> _Task data_
- - - - -

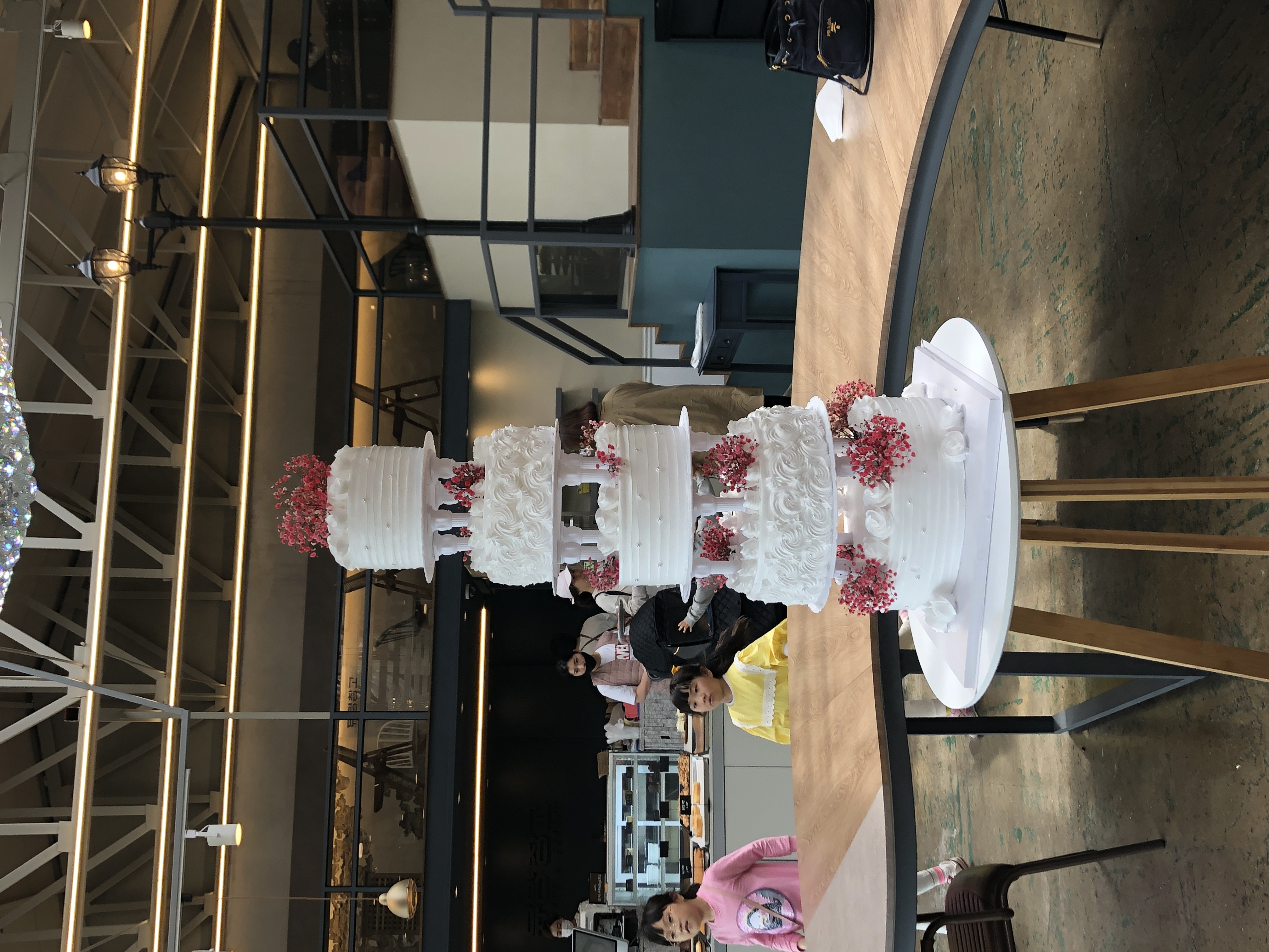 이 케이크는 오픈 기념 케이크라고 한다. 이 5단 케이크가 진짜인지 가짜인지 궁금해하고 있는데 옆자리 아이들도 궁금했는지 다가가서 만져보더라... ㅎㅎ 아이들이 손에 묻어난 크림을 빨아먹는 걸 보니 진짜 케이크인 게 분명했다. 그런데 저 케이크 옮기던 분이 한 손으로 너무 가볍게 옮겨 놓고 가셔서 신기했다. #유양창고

- - - - -

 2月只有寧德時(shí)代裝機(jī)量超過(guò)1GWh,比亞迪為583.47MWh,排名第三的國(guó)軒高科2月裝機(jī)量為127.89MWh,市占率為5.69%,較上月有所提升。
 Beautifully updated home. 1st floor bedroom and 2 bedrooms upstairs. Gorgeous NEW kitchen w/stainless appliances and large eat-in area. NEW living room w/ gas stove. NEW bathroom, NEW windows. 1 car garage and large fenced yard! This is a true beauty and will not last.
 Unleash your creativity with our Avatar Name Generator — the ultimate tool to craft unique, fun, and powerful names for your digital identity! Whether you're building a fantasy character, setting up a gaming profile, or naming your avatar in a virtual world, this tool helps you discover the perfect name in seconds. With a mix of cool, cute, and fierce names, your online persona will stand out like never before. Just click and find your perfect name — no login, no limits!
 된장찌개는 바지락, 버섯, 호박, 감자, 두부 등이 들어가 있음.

- - - - -

> _Your task_
Going back over the entries above, copy word for word every line from the one that has "Beautifully updated home." on through the one that has "된장찌개는 바지락, 버섯, 호박, 감자, 두부 등이 들어가 있음.".

> _Result of this exercise_
 Beautifully updated home. 1st floor bedroom and 2 bedrooms upstairs. Gorgeous NEW kitchen w/stainless appliances and large eat-in area. NEW living room w/ gas stove. NEW bathroom, NEW windows. 1 car garage and large fenced yard! This is a true beauty and will not last.
 Unleash your creativity with our Avatar Name Generator — the ultimate tool to craft unique, fun, and powerful names for your digital identity! Whether you're building a fantasy character, setting up a gaming profile, or naming your avatar in a virtual world, this tool helps you discover the perfect name in seconds. With a mix of cool, cute, and fierce names, your online persona will stand out like never before. Just click and find your perfect name — no login, no limits!
 된장찌개는 바지락, 버섯, 호박, 감자, 두부 등이 들어가 있음.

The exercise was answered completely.